§ **Task directions**:
With pictures removed, the data below should be returned exactly.

Collected data: Begin

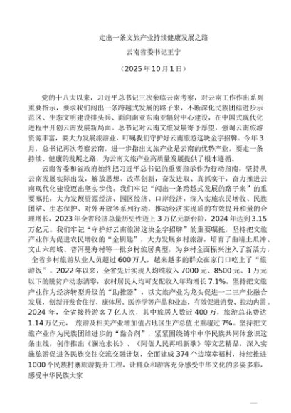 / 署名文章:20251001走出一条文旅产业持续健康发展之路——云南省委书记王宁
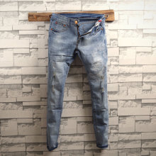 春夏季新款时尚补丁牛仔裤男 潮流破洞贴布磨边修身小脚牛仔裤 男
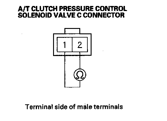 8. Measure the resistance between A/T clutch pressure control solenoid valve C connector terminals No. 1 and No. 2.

Collected data: End

§ **Written solution**:
 / 署名文章:20251001走出一条文旅产业持续健康发展之路——云南省委书记王宁
 春夏季新款时尚补丁牛仔裤男 潮流破洞贴布磨边修身小脚牛仔裤 男
 8. Measure the resistance between A/T clutch pressure control solenoid valve C connector terminals No. 1 and No. 2.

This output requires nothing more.